Production Status: ✅ 8/8 tables within SLA · ✅ < 1 hour ingestion latency · ✅ 0 stale incidents (30 days)

7.2 Dual-Clock Freshness in Power BI

Problem: Business users distrust data without knowing when it was last updated — a single timestamp doesn't tell the full story.

Solution: Two independent clocks on every dashboard footer.

Clock Source Column What It Shows
Last Refreshed _dbt_updated_at When dbt last transformed the marts data
Data Current Until _source_loaded_at When the source file last landed in RAW

The gap between them surfaces pipeline lag — visible to every consumer without a support ticket.

Last Refreshed =
"Model refreshed: " & FORMAT(MAX(fct_order_items[_dbt_updated_at]), "DD MMM YYYY @ HH:MM")

Data Current Until =
"Source data as of: " & FORMAT(MAX(fct_order_items[_source_loaded_at]), "DD MMM YYYY @ HH:MM")

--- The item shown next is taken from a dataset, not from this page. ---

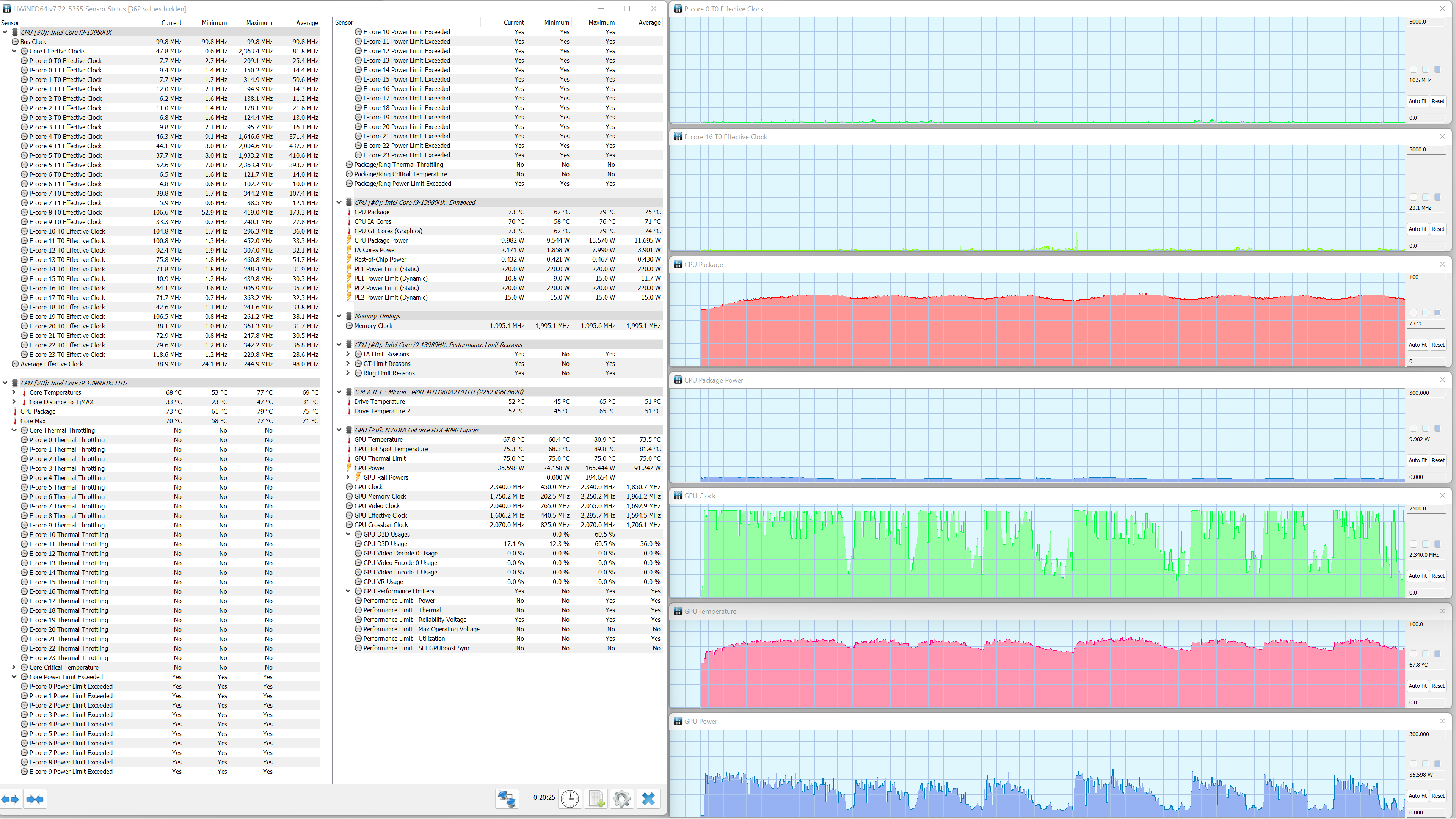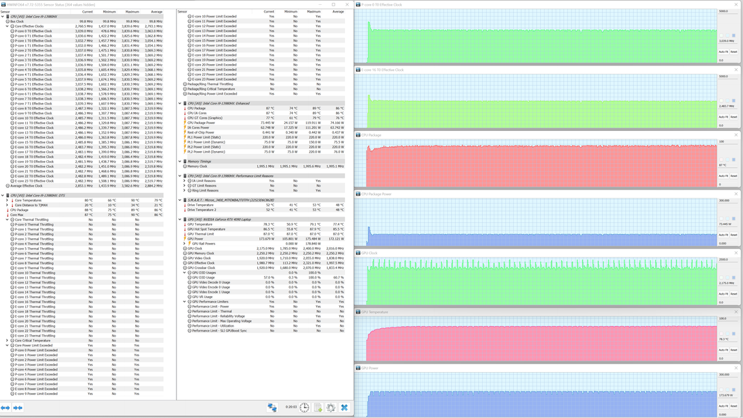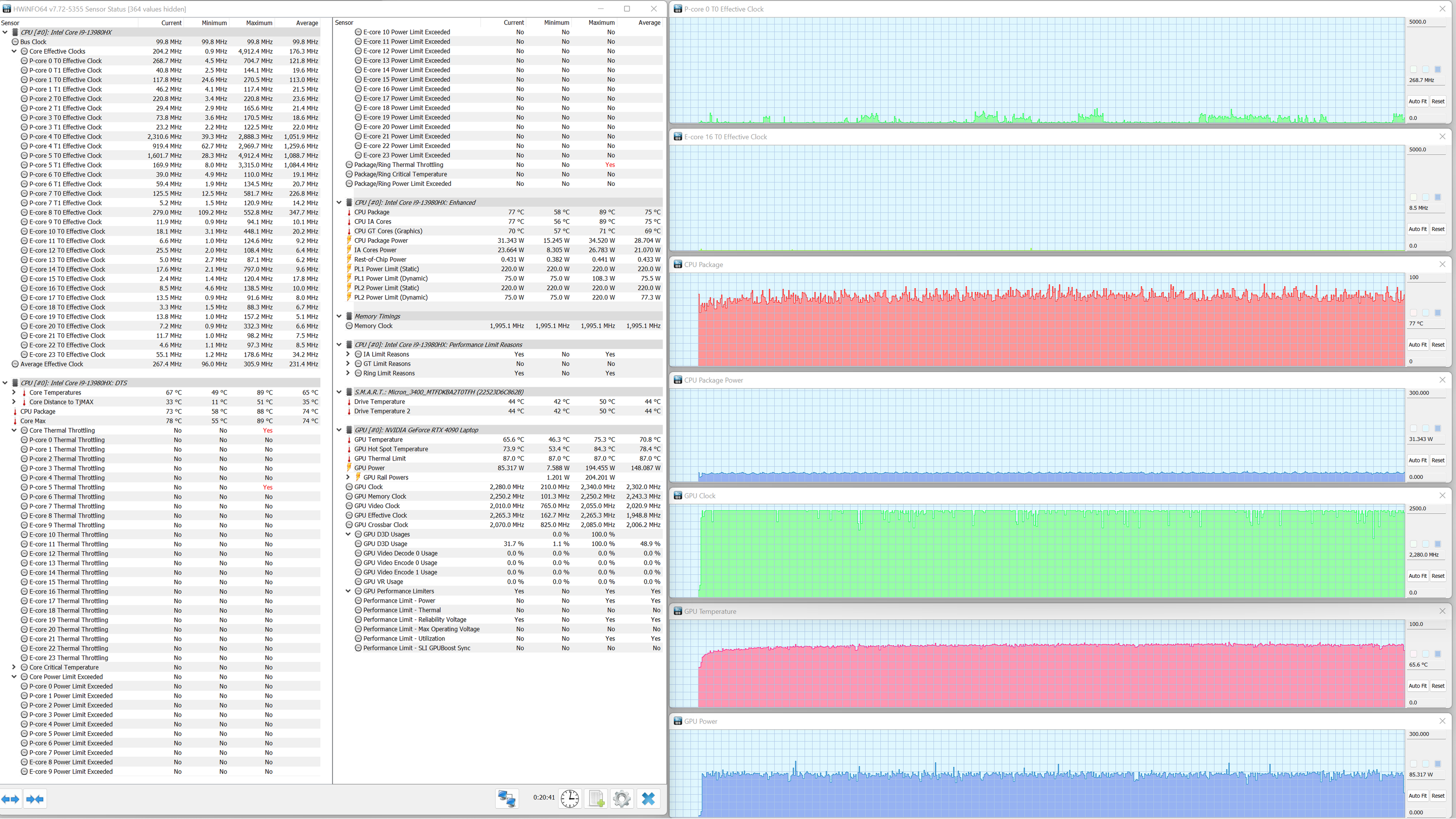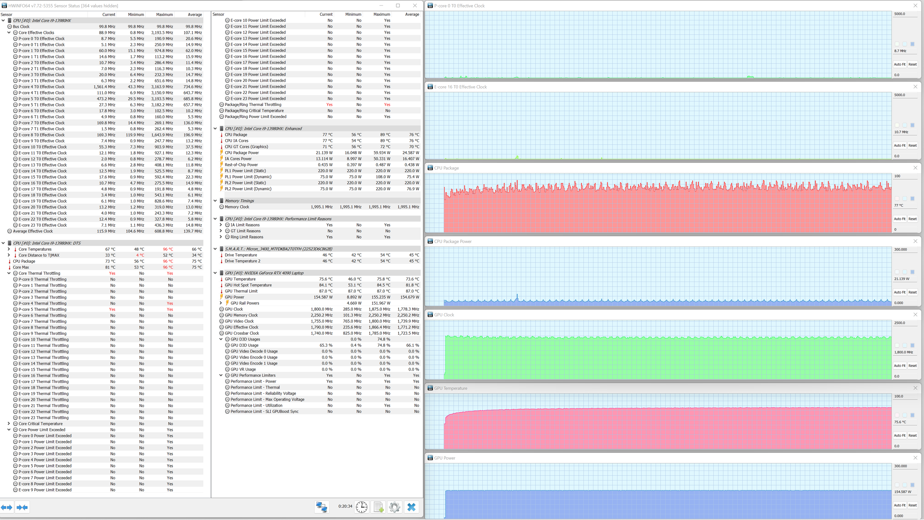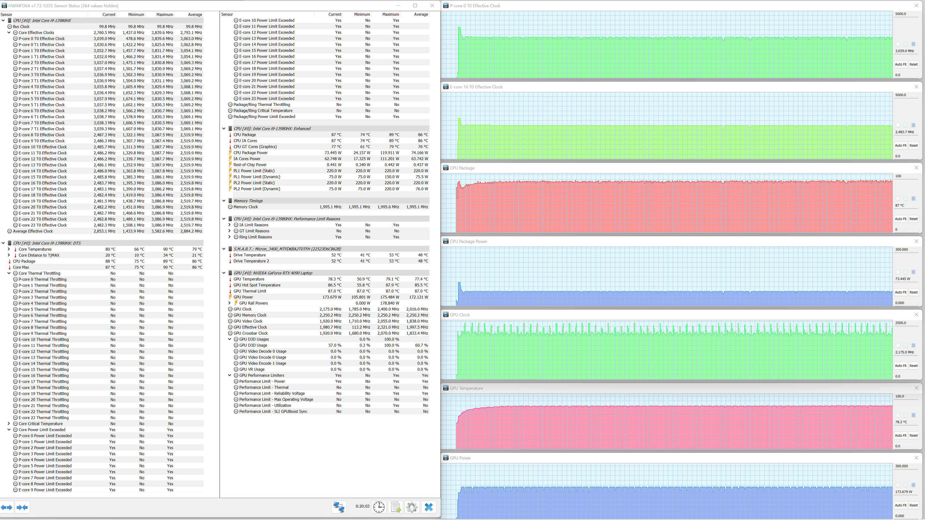 MSI Titan GT77 HX 13VI оснащен мобильным процессором Intel Core i9-13980HX (кодовое наименование Raptor Lake-HX) — это современное и одно из самых быстродействующих решений для портативных ПК. Процессор содержит в своем составе восемь высокопроизводительных ядер (Performance Cores, P-cores), работающих в режиме Hyper-Threading (16 потоков), и 16 однопоточных энергоэффективных ядер (Efficiency Cores, E-cores). Тактовая частота по паспорту — 2,2 ГГц в стабильном режиме и 5,6 ГГц при Turbo Boost, TDP 45—55 Вт (определяется производителем) и 157 Вт при разгоне. Максимальная рабочая температура — 100 °C. Низкоуровневые параметры центрального процессора представлены ниже на скриншоте утилиты HWInfo.

Dashboard Footer Timestamps Dashboard footer — dual timestamps on every page give users full freshness transparency


8. Evidence Index

Evidence Screenshot What It Proves
559 tests passing Test Suite Full dbt build green across all layers
dbt schema contracts Data Contracts Compile-time column/type enforcement on MART models
CI pipeline pass CI Build GitHub Actions dbt build full-refresh in CI schema
PR merge gate PR Checks Branch protection blocking merge on test failure
SQLFluff clean SQL Lint Zero SQL lint violations pre-commit
Revenue reconciliation UAT Revenue Total Revenue matches Finance ERP; Verified split confirmed
Trust tooltip UX Tooltip Quality reason exposed per data point in Power BI
Data quality audit view Audit All flagged rows visible for Finance investigation
Power BI schema contract PBI Contract Explicit column selection — fails fast on schema drift
Source row counts Row Counts 1.55M rows validated across 8 RAW tables
BPA — 0 issues BPA After Tabular Editor Best Practice Analyzer: 0 violations
End-to-end lineage Lineage Full dbt DAG: RAW → STAGING → INTERMEDIATE → MARTS

9. Measured Impact

9.1 Quality Scorecard

Metric Result Target Status
Total Tests 559
Test Pass Rate 100% (559/559) 100%
Primary Key Coverage 100% (29/29 models) 100%
Foreign Key Coverage 100% (17/17 relations) 100%
Source Freshness 8/8 within SLA 100%
Verified Revenue R$ 13,564,851 (99.8%) > 99%
Revenue at Risk R$ 26,792 (0.2%) < 1%
CI Stage 1 Feedback ~45 seconds < 5 min
CI Full Build ~8–12 min < 15 min
Dashboard Load Time 1.8s (95th percentile) < 2s
Schema Contract Models 100% of MART models 100%

9.2 Operational Impact

Process Before After Improvement
Finance Reconciliation 4 days/month (manual) 0 hours 100% automated
Schema Break Detection 2-day user discovery < 5 min CI failure 99.7% faster
DQ Issue Triage 6 hours/week 2 hours/week 67% reduction
Ad-hoc Revenue Requests 12 hours/week (analyst) Self-service ~40 hrs/week saved
Untested Code in Prod Possible (no gate) 0% (CI blocked) Zero incidents

Total analyst time recovered: ~112 hours/month from automated quality enforcement replacing manual processes.


10. Key Principles

Five principles this framework never violates

  1. Flag, Don't Delete — 100% source data preserved; Finance reconciliation always possible regardless of anomalies
  2. Explicit Over Implicit — Schema contracts fail at compile time, not at user discovery time two days later
  3. Trust Through Transparency — Dual metrics exposed side by side; stakeholders see both clean and at-risk numbers
  4. Zero-Trust by Layer — Every layer earns its own gate; downstream trust is never inherited from upstream
  5. Fail Fast, Fix Early — < 5 min CI feedback loop; broken code never reaches a stakeholder dashboard

Quality is not a feature. It's the contract between the data team and the business.

Every row is accounted for. Every metric has a quality score. Every change is tested before it ships.